Tradisi " Berebut Lawang " di Belitung

                            Berebut Lawang
                       Oleh : Stefani Dwi Putri 

Berebut lawang merupakan tradisi yang ada di Gawai penganten pada proses pernikahan adat melayu di Belitung . Gawai penganten adalah acara pernikahan atau pesta pernikahan , namun bahasa daerah belitung disebut dengan kata “ Gawai penganten ’’ .
Berebut Lawang merupakan suatu kegiatan yang berbalas pantun dalam proses perkawinan , baik dari pihak laki – laki dan pihak perempuan . masing – masing mempelai telah menyiapkan jagoan pantunnya , masing – masing perwakilan akan menunjukkan kehebatannya dalam berpantun dan kegiatan ini juga menjadi hiburan untuk para tamu undangan . Berebut Lawang dimulai ketika mempelai laki – laki telah datang di rumah mempelai wanita , lalu mempelai laki – laki akan dihadang dengan seutas tali sampai pertarungan berbalas pantun selesai di tiga lawang ( pintu ) yang telah di siapkan oleh pihak mempelai wanita .

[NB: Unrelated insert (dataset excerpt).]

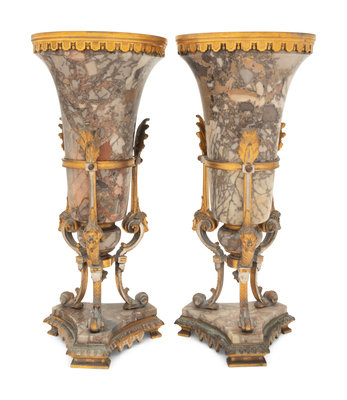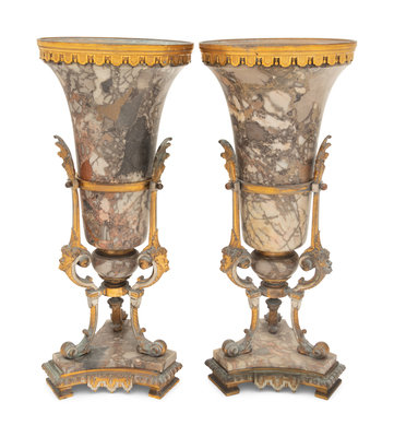 A Pair of Neoclassical Gilt Bronze Mounted Marble Vases

Pada gambar merupakan suatu proses pada saat pihak mempelai laki – laki sampai dirumah mempelai perempuan . pada saat inilah kegiatan berebut lawang dimulai, Kegitatan dimulai melalui 3 lawang saat pengantin pria ingin memasuki rumah pengantin perempuan. Masing-masing pintu di dalam berebut lawang ada nilai uangnya yang dinamakan “ Uang Perayu’’

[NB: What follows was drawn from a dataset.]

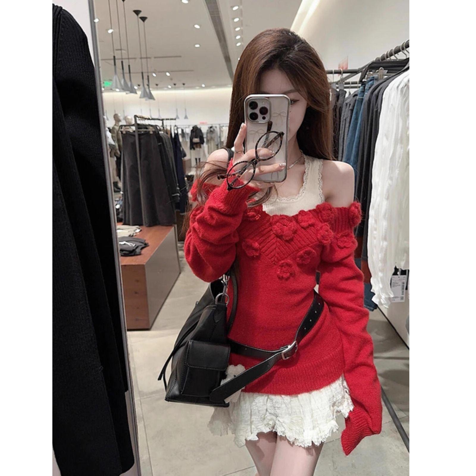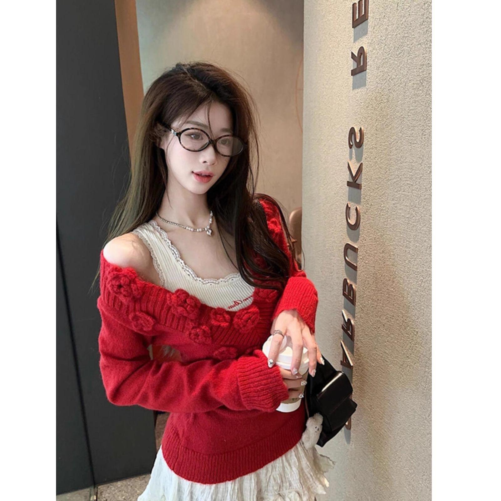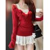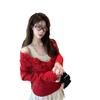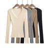 2024 otoño e invierno nuevo suave ceroso cuello en V rosa ajuste ceñido cintura delgada suéter diseño camiseta top de punto ins

Uang ini hanya sebagai syarat agar diberikan izin melewati pos – pos tersebut , uang yang diberikan tidak menjadi milik pengantin wanita hanya saja digunakan untuk membantu kelancaran jalannya pernikahan . maksud uang tersebut adalah misalnya pintu pertama biasanya bernilai Rp. 20.000,00 ini di peruntukkan buat tukang tanak nasi, pintu kedua Rp. 30.000,00 ini di peruntukkan buat mak panggung atau tukang masak, sedangkan pintu ke tiga Rp. 50.000,00 buat mak inang atau tukang rias. pantun dan uang tersebut nantinya akan diberikan kepada Kepala Gawai ( ketua panitia dari hajatan perkawinan). Pada Lawang Pertama mempelai laki – laki melanturkan pantun berisi ucapan salam pada pemilik rumah , lanjut di Lawang Kedua, atau disebut dengan Lawang Panggong yang bermakna bahwa penganti laki-laki selain harus memberi nafkah juga harus bisa menjadi imam bagi istri dan anaknya, selanjutnya Lawang Ketiga yang dinamakan lawang Mak Inang ( Pintu bagi orang yang merias pengantin) yang bermakna bahwa pengantin laki-laki selain harus mampu memberi nafkah, menjadi imam dan pemimpin juga harus bisa merias istri dan anaknya nanti salah satunya bisa memberikan pakaian yang layak. Setelah selesai di lawang ketiga ini barulah pengantin pria untuk pertama kalinya bisa bertemu dan melihat pengantin perempuan . Sama seperti di lawang-lawang sebelumnya pengantin pria harus memberikan sejumlah uang sesuai hasil kesepakatan dari berbalas pantun dan uangnya nanti akan diberikan kepada Mak Inang. Setelah Berebut Lawang selesai barulah kemudian pengantin laki-laki dan perempuan duduk bersanding di pelaminan yang dilanjutkan dengan doa pengantin dehingga selesai. Dan prosesi terakhirnya adalah penyerahan barang hantaran yang dibawa oleh pihak keluarga laki-laki kepada pihak perempuan .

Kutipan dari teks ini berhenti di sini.